=== Begin Enclosure ===

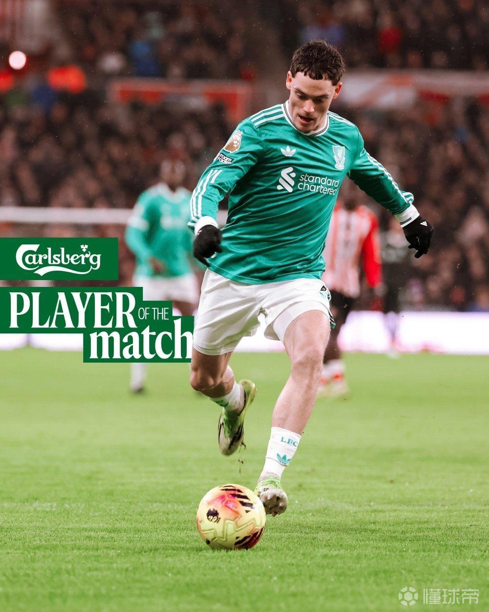 经过球迷评选,维尔茨力压进球功臣范戴克当选利物浦本场比赛最佳球员。
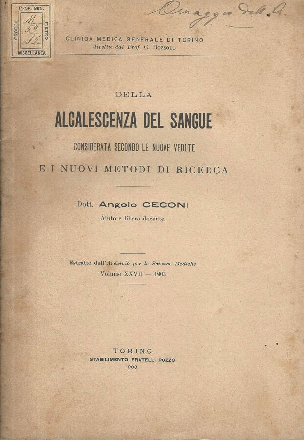 Piatti con lieve imbrunitura, prima di copertina con etichetta della precedente biblioteca di appartenenza ed annotazione a penna, pagine naturalmente imbrunite, testo completamente fruibile, pubblicazione della Clinica Medica Generale di Torino (diretta dal prof. C. Bozzolo), estratto dall' "Archivio per le Scienze Mediche" Vol. XXVII - n. 10, con tabelle nel testo, note a piè di pagina, numero pagine 40
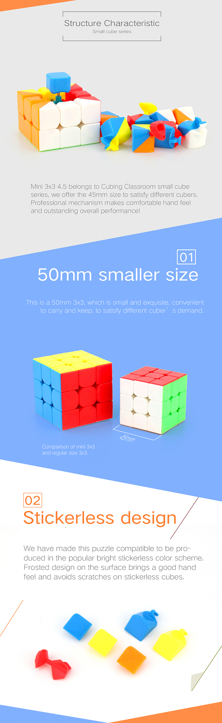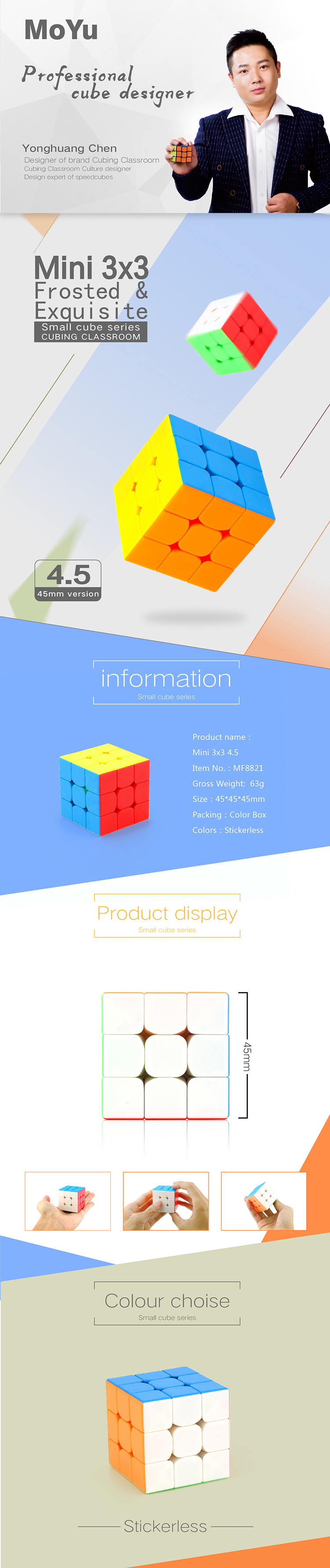 Mini 3x3 4.5 belongs to Cubing Classroom small cube series, we offer the 45mm size to satisfy different cubers. Professional mechanism makes comfortable hand feel and outstanding overall performance!
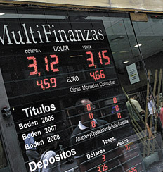 La crisis financiera volvió a abrir una oportunidad para hacer negocios. Mientras que las bolsas del mundo se derrumban, el gobierno argentino anuncia una nueva recompra de títulos para aprovechar los bajos precios a los que se hundieron esos papeles. Ayer, las acciones de empresas líderes operaron con leves ganancias, mientras los bonos cayeron más de 2 por ciento, lo que disparó el riesgo país a más de 1000 puntos básicos, la mayor marca desde la reestructuración de la deuda en 2005. En la plaza cambiaria, el dólar requirió la lupa del Banco Central para evitar una nueva apreciación. La divisa al público se negoció en 3,15 pesos, mientras que las reservas internacionales del Central se incrementaron hasta 47.065 millones de dólares.
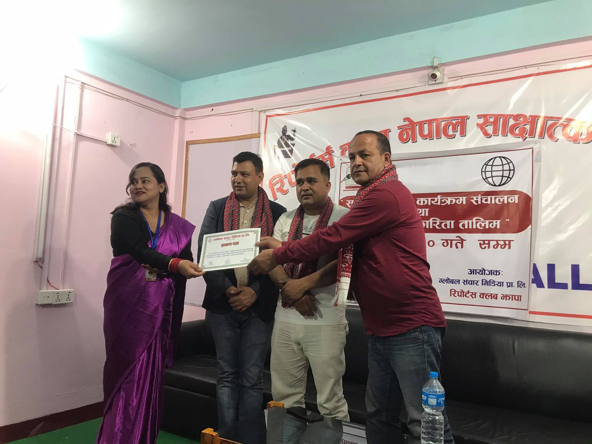 ग्लोबल संचार मिडिया प्रा।लि र रिपोर्टर्स क्लब झापाको आयोजनामा समाचार बाचन कार्यक्रम संचालन तथा आधारभूत पत्रकारिता सम्बन्धी चार दिवसिय प्रशिक्षण कार्यक्रम सम्पन्न भएको छ ।
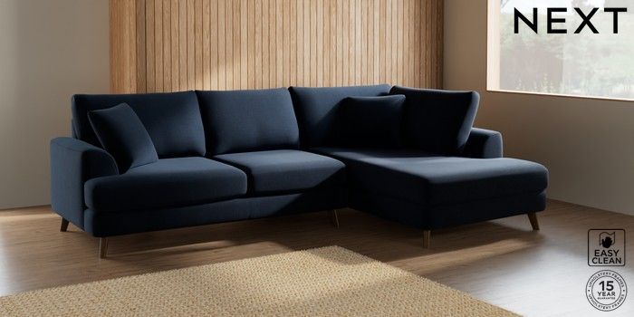7.2.5 Buy Parker Medium Corner Chaise - Right Hand Fine Chenille Easy Clean Dark Navy Blue Low Retro Tapered - Mid from the Next UK online shop Click here to use our accessible website
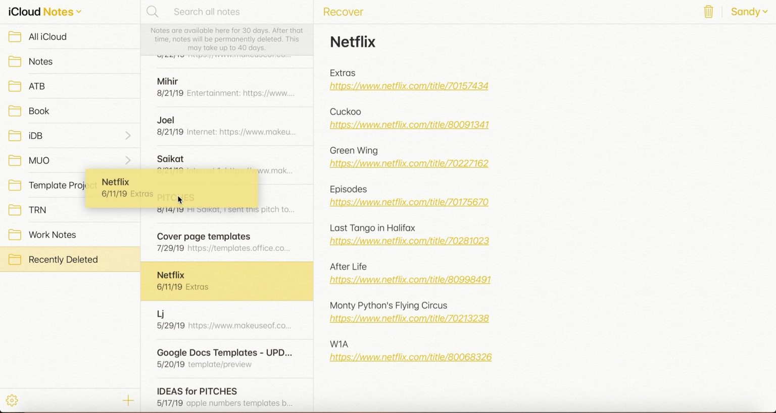 - در سمت چپ در زیر icloud Notes گزینهی Recently Deleted را انتخاب کنید.

=== End Enclosure ===

Your answer must consist solely of the lines from the one containing "7.2.5 Buy Parker" through the last line of the records above, copied exactly, with every picture left out.

THE COMPLETED TASK:
7.2.5 Buy Parker Medium Corner Chaise - Right Hand Fine Chenille Easy Clean Dark Navy Blue Low Retro Tapered - Mid from the Next UK online shop Click here to use our accessible website
 - در سمت چپ در زیر icloud Notes گزینهی Recently Deleted را انتخاب کنید.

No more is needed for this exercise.